§ MATERIAL PROVIDED:
__________________________________________________

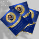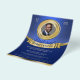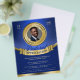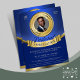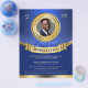 Pastoral appreciation recognition flyer features blue and gold colour tone palette, a customisable gold medal frame image insert, and gold banner as placement for added text. A formal and professional flyer to promote your church and announce your Pastor's appreciation service.
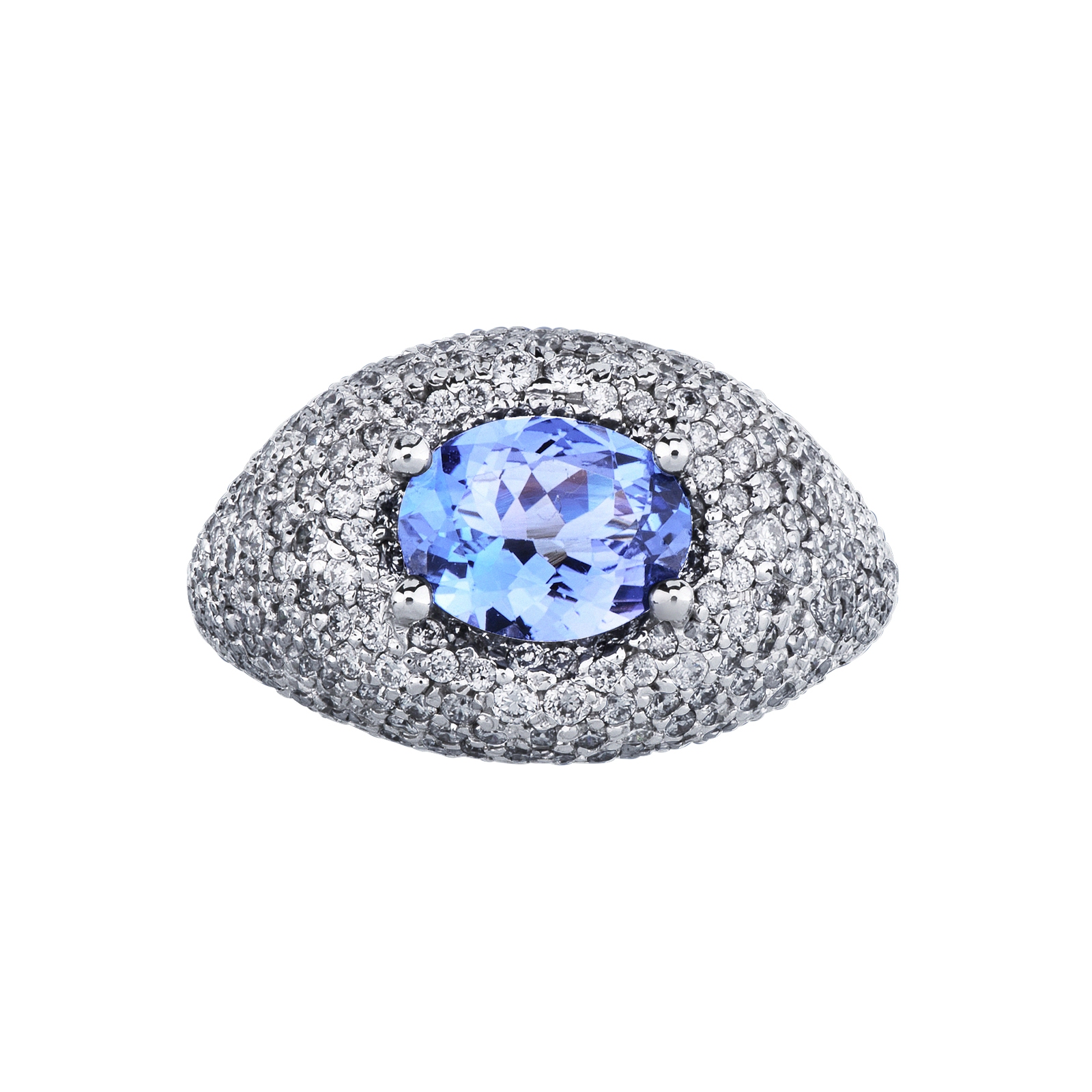 Anillo tanzanita oval y diamantes en oro blanco 18K
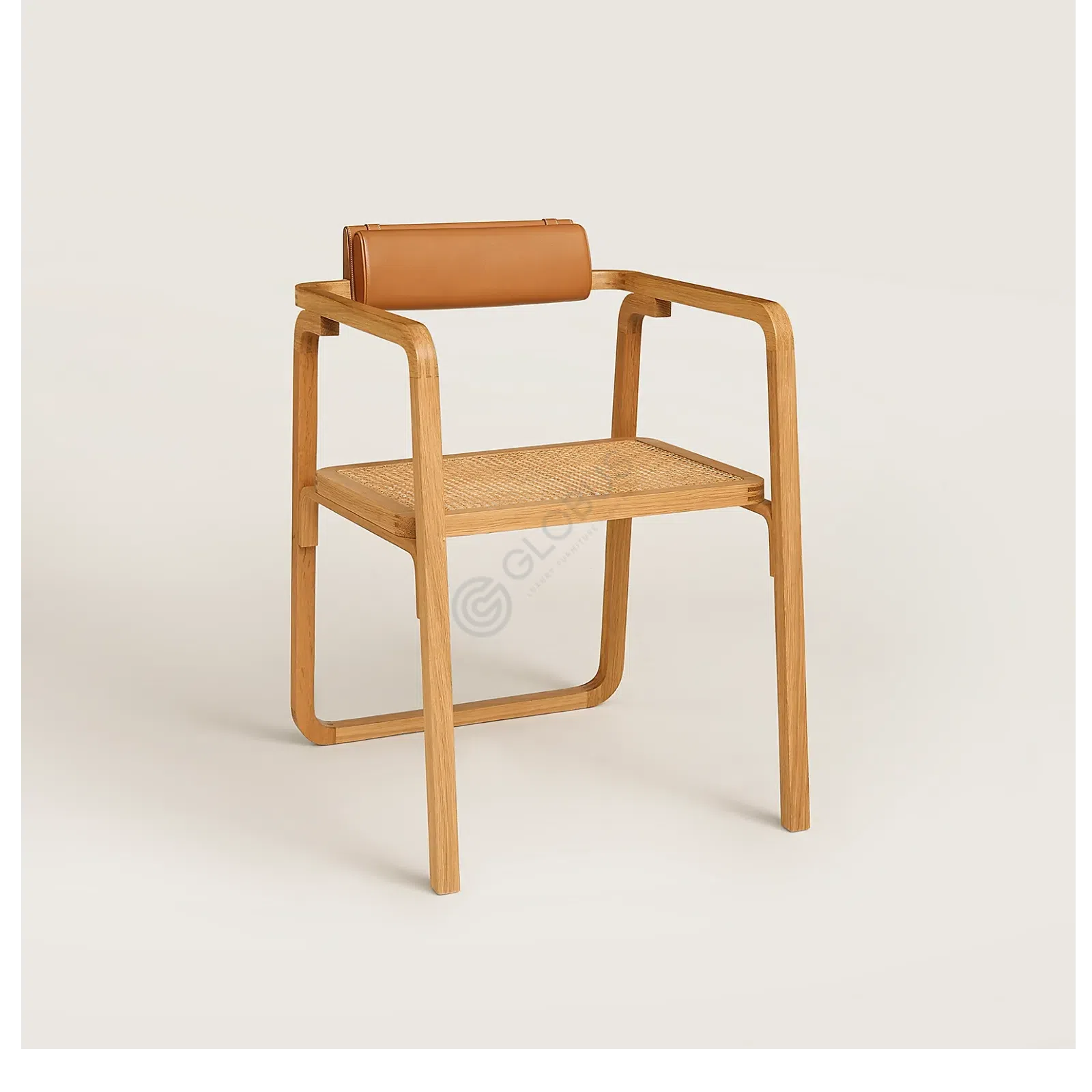 Каркас выполнен из благородного массива дерева, чья текстура придает изделию теплоту и основательность. Сиденье украшает изящное плетение из природного ротанга, добавляя легкости и воздушности общему облику. Дополнительным штрихом является валик для спины, обтянутый мягкой кожей, подчеркивающий внимание к каждой детали.

__________________________________________________

§ TASK PROMPT: Only the pictures are to be dropped; all other material above must be repeated exactly.

§ ANSWER BOX:
 Pastoral appreciation recognition flyer features blue and gold colour tone palette, a customisable gold medal frame image insert, and gold banner as placement for added text. A formal and professional flyer to promote your church and announce your Pastor's appreciation service.
 Anillo tanzanita oval y diamantes en oro blanco 18K
 Каркас выполнен из благородного массива дерева, чья текстура придает изделию теплоту и основательность. Сиденье украшает изящное плетение из природного ротанга, добавляя легкости и воздушности общему облику. Дополнительным штрихом является валик для спины, обтянутый мягкой кожей, подчеркивающий внимание к каждой детали.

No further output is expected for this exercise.